| EXERCISE DESCRIPTION |
Each line of the data below goes into the copy exactly; pictures do not.

| SUPPLIED DATA |
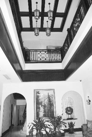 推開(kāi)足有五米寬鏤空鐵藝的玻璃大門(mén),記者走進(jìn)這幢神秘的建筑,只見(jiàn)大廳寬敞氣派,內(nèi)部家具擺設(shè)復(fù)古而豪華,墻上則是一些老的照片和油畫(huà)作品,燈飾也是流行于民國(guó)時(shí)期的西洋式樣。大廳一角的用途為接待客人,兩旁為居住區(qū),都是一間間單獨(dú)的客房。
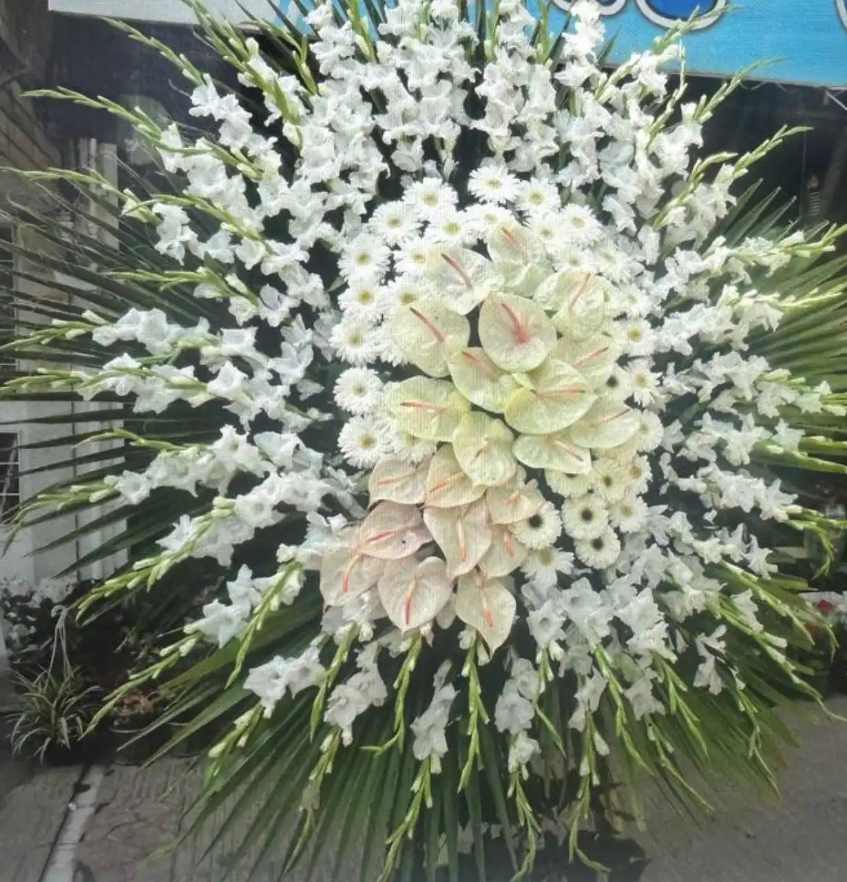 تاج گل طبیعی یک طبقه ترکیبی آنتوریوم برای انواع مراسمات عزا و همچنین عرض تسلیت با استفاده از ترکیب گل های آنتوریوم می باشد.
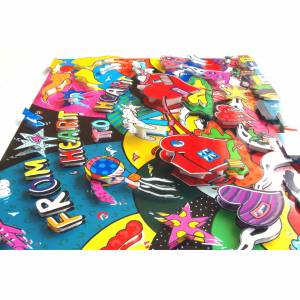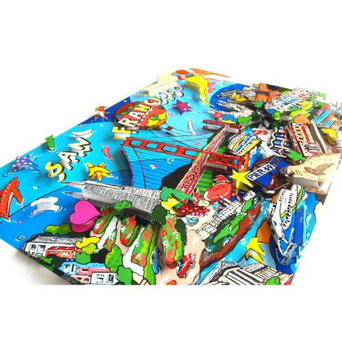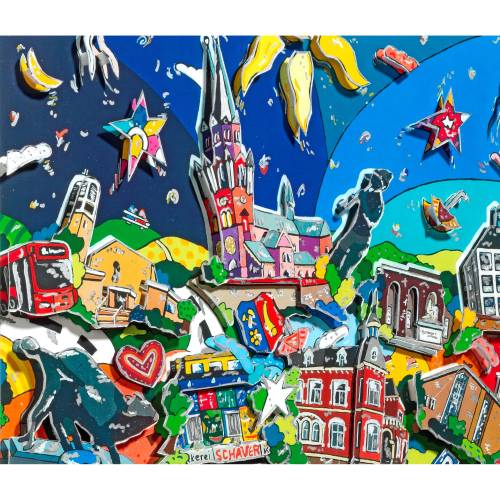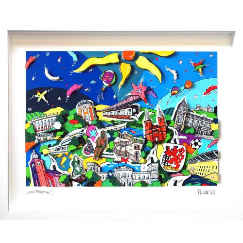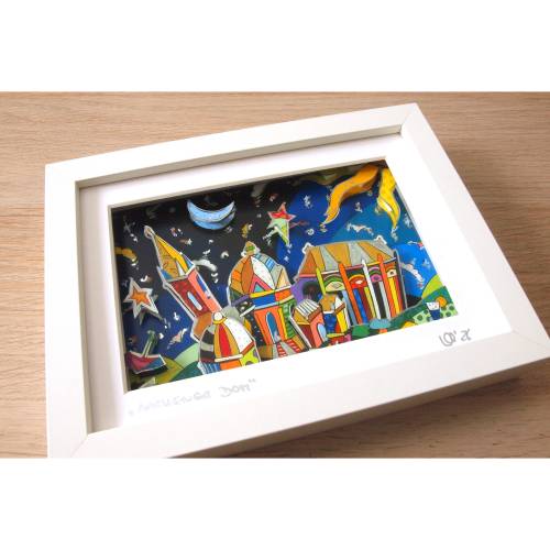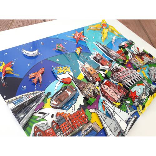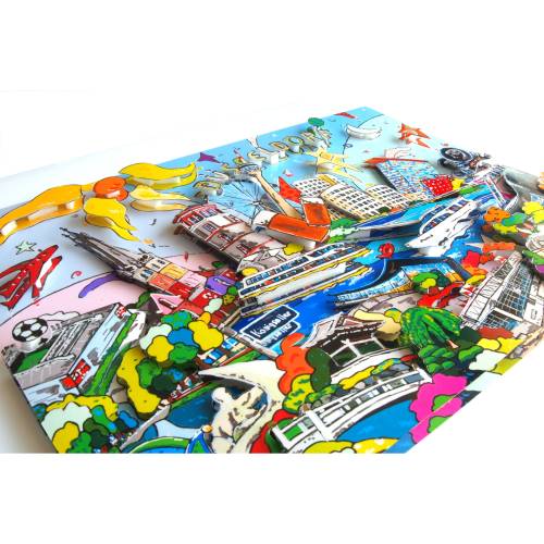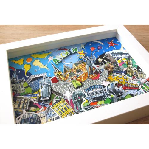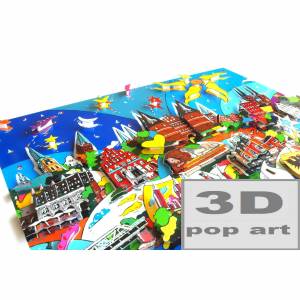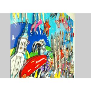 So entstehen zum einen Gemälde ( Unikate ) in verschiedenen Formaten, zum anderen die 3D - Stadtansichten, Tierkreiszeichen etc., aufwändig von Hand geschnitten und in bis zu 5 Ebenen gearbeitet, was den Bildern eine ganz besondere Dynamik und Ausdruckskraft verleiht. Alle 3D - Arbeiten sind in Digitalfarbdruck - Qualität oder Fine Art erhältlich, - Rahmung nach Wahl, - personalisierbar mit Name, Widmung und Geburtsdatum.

| SOLVED PROBLEM |
 推開(kāi)足有五米寬鏤空鐵藝的玻璃大門(mén),記者走進(jìn)這幢神秘的建筑,只見(jiàn)大廳寬敞氣派,內(nèi)部家具擺設(shè)復(fù)古而豪華,墻上則是一些老的照片和油畫(huà)作品,燈飾也是流行于民國(guó)時(shí)期的西洋式樣。大廳一角的用途為接待客人,兩旁為居住區(qū),都是一間間單獨(dú)的客房。
 تاج گل طبیعی یک طبقه ترکیبی آنتوریوم برای انواع مراسمات عزا و همچنین عرض تسلیت با استفاده از ترکیب گل های آنتوریوم می باشد.
 So entstehen zum einen Gemälde ( Unikate ) in verschiedenen Formaten, zum anderen die 3D - Stadtansichten, Tierkreiszeichen etc., aufwändig von Hand geschnitten und in bis zu 5 Ebenen gearbeitet, was den Bildern eine ganz besondere Dynamik und Ausdruckskraft verleiht. Alle 3D - Arbeiten sind in Digitalfarbdruck - Qualität oder Fine Art erhältlich, - Rahmung nach Wahl, - personalisierbar mit Name, Widmung und Geburtsdatum.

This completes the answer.